(TASK TO CARRY OUT) Return the records as they stand. No picture is to be included.

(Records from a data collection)
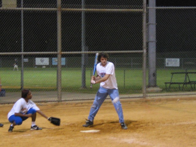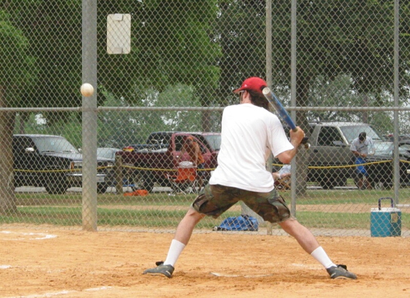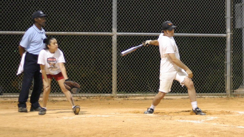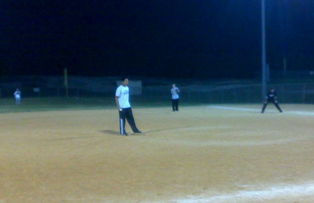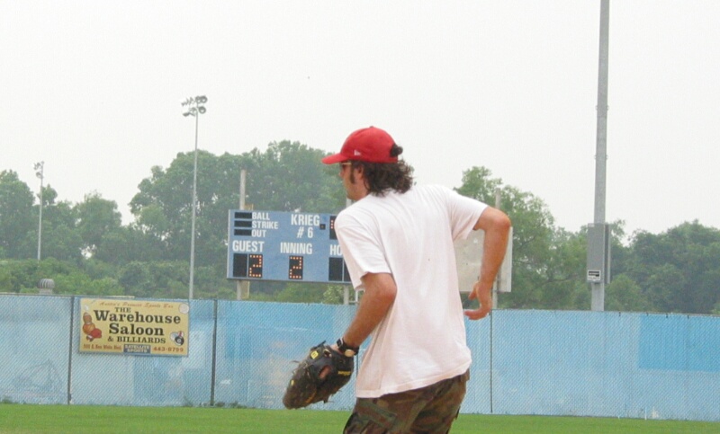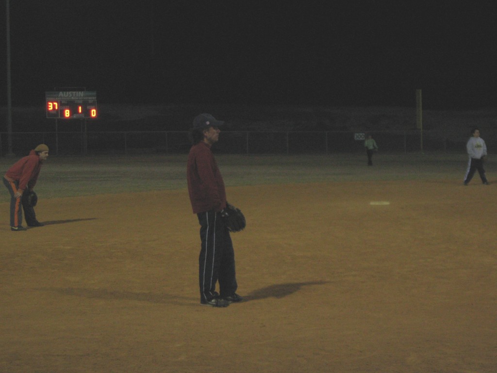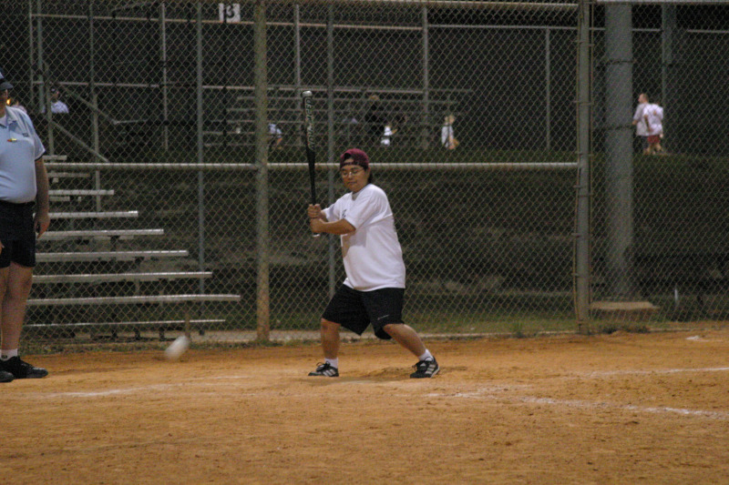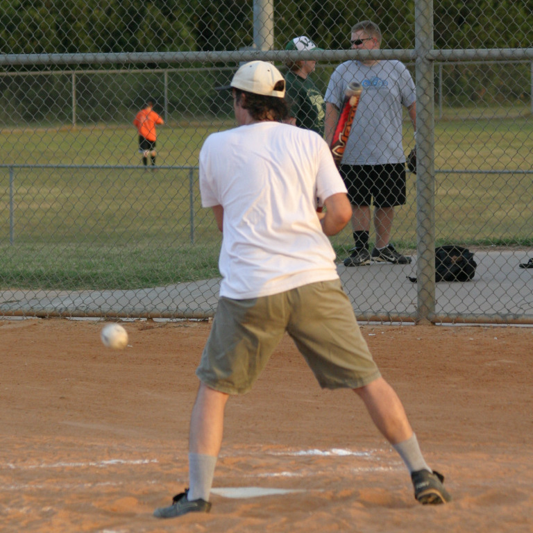 Shawn W takes a pitch in the top of the 4th inning. Matt is visible at third base coach. |
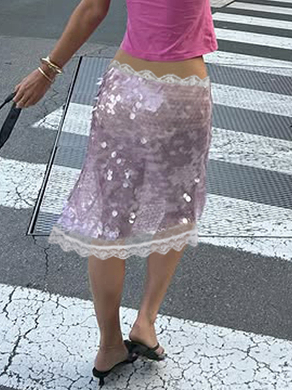 InicioMujerBottomsFaldasFalda larga de encaje transparente adornada con lentejuelas
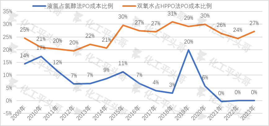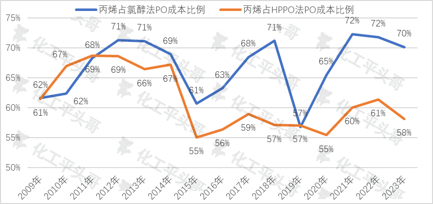 从过去14年中利润波动来看,中国氯醇法和HPPO法环氧丙烷的利润波动存在一致性,但是原料对其利润的影响存在明显的差异性。按照主要原料丙烯在两种不同生产工艺下的环氧丙烷历史成本占比中,可以看到以下规律:
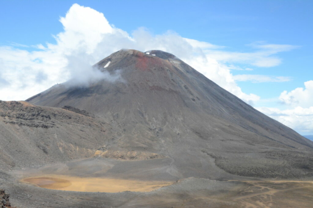 Nous passons 3 jours dans le centre de l’île, malheureusement le soleil nous aura lâché mais ce n’est pas ça qui nous a empêché d’en voir plein les yeux. Nous passons par Rotorua, région très volcanique. L’occasion de visiter le parc géothermique Wai-O-Tapu et de voir des réactions physiques assez étonnantes. Plus au sud se trouve le lac Taupo et la rivière Waikato dont la couleur bleue est sublime. On a même eu le droit à un réveil dans une source d’eau chaude – brulante – en plein milieu naturel. Et pour continuer à suer, petite balade en VTT pour profiter des lieux et voir les Huka Falls. Les journées sont calmes, les soirées pluvieuses. Pas facile de manger à 7 dans un van pour 4 mais on devient les rois du tétris. Au sud de Taupo se trouve le Tongariro National Park – 797 km² et trois volcans en activité. Passage oblige donc par la Tongariro Alpine Crossing, une marche de 7h. Et comme on ne veut pas faire comme tout le monde, on la fera en sens inverse – histoire de dire Hello à tous les gens qu’on croise (et croyez-moi il y en a eu du monde !). La montée se fait dans le brouillard et la pluie mais arrivé sur le plateau tout se dégage ! Et là on découvre un monde lunaire, avec des lacs bleus, verts émeraude qui contrastent avec les pierres orange. On finira même par apercevoir les sommets de deux volcans, le Tongariro et le Ngauruhoe.
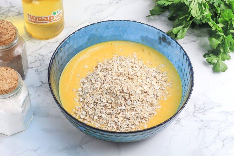 Всыпьте овсяные хлопья и перемешайте. Оставьте их набухать в жидкости 5-7 минут. После чего еще раз перемешайте.
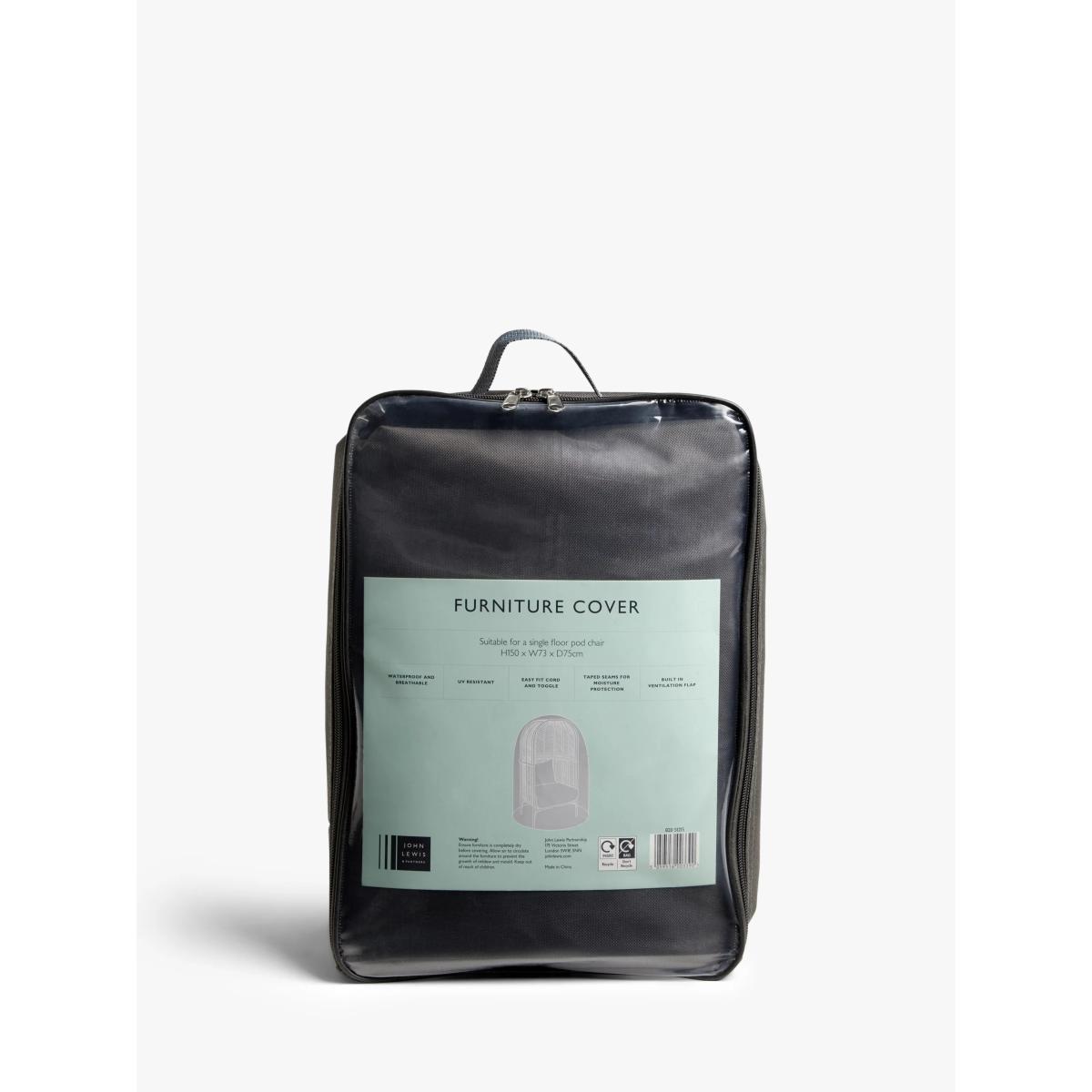 A cover for our Rye or Chevron Garden Chair Pod. It's waterproof with taped seams for better protection yet breathable with built-in ventilation to prevent mildew. The cover comes with a cord and toggle for an easy, secure fit. Made from strong 600. D polyester with UV sun protection for all-year-round use, it's packaged in a zip-up bag. Want to see it first? You may want to see and get a feel for the product in one of our shops before ordering. We'll be able to tell you where the range you'd like to view is on display.
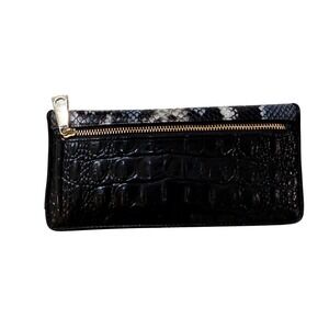 Elevate your everyday with this stunning Brahmin wallet clutch, a masterpiece of luxurious design and practical elegance. The rich black crocodile embossed leather meets a striking snake-skin accent, creating a sophisticated visual and tactile experience. Open the gleaming gold zipper to reveal a thoughtfully organized interior, complete with multiple card slots, a clear ID window, and ample space for your essentials. This chic accessory is perfect for transitioning from a busy workday to an elegant evening out or a stylish weekend brunch.

(TASK OUTPUT)
 Shawn W takes a pitch in the top of the 4th inning. Matt is visible at third base coach. |
 InicioMujerBottomsFaldasFalda larga de encaje transparente adornada con lentejuelas
 从过去14年中利润波动来看,中国氯醇法和HPPO法环氧丙烷的利润波动存在一致性,但是原料对其利润的影响存在明显的差异性。按照主要原料丙烯在两种不同生产工艺下的环氧丙烷历史成本占比中,可以看到以下规律:
 Nous passons 3 jours dans le centre de l’île, malheureusement le soleil nous aura lâché mais ce n’est pas ça qui nous a empêché d’en voir plein les yeux. Nous passons par Rotorua, région très volcanique. L’occasion de visiter le parc géothermique Wai-O-Tapu et de voir des réactions physiques assez étonnantes. Plus au sud se trouve le lac Taupo et la rivière Waikato dont la couleur bleue est sublime. On a même eu le droit à un réveil dans une source d’eau chaude – brulante – en plein milieu naturel. Et pour continuer à suer, petite balade en VTT pour profiter des lieux et voir les Huka Falls. Les journées sont calmes, les soirées pluvieuses. Pas facile de manger à 7 dans un van pour 4 mais on devient les rois du tétris. Au sud de Taupo se trouve le Tongariro National Park – 797 km² et trois volcans en activité. Passage oblige donc par la Tongariro Alpine Crossing, une marche de 7h. Et comme on ne veut pas faire comme tout le monde, on la fera en sens inverse – histoire de dire Hello à tous les gens qu’on croise (et croyez-moi il y en a eu du monde !). La montée se fait dans le brouillard et la pluie mais arrivé sur le plateau tout se dégage ! Et là on découvre un monde lunaire, avec des lacs bleus, verts émeraude qui contrastent avec les pierres orange. On finira même par apercevoir les sommets de deux volcans, le Tongariro et le Ngauruhoe.
 Всыпьте овсяные хлопья и перемешайте. Оставьте их набухать в жидкости 5-7 минут. После чего еще раз перемешайте.
 A cover for our Rye or Chevron Garden Chair Pod. It's waterproof with taped seams for better protection yet breathable with built-in ventilation to prevent mildew. The cover comes with a cord and toggle for an easy, secure fit. Made from strong 600. D polyester with UV sun protection for all-year-round use, it's packaged in a zip-up bag. Want to see it first? You may want to see and get a feel for the product in one of our shops before ordering. We'll be able to tell you where the range you'd like to view is on display.
 Elevate your everyday with this stunning Brahmin wallet clutch, a masterpiece of luxurious design and practical elegance. The rich black crocodile embossed leather meets a striking snake-skin accent, creating a sophisticated visual and tactile experience. Open the gleaming gold zipper to reveal a thoughtfully organized interior, complete with multiple card slots, a clear ID window, and ample space for your essentials. This chic accessory is perfect for transitioning from a busy workday to an elegant evening out or a stylish weekend brunch.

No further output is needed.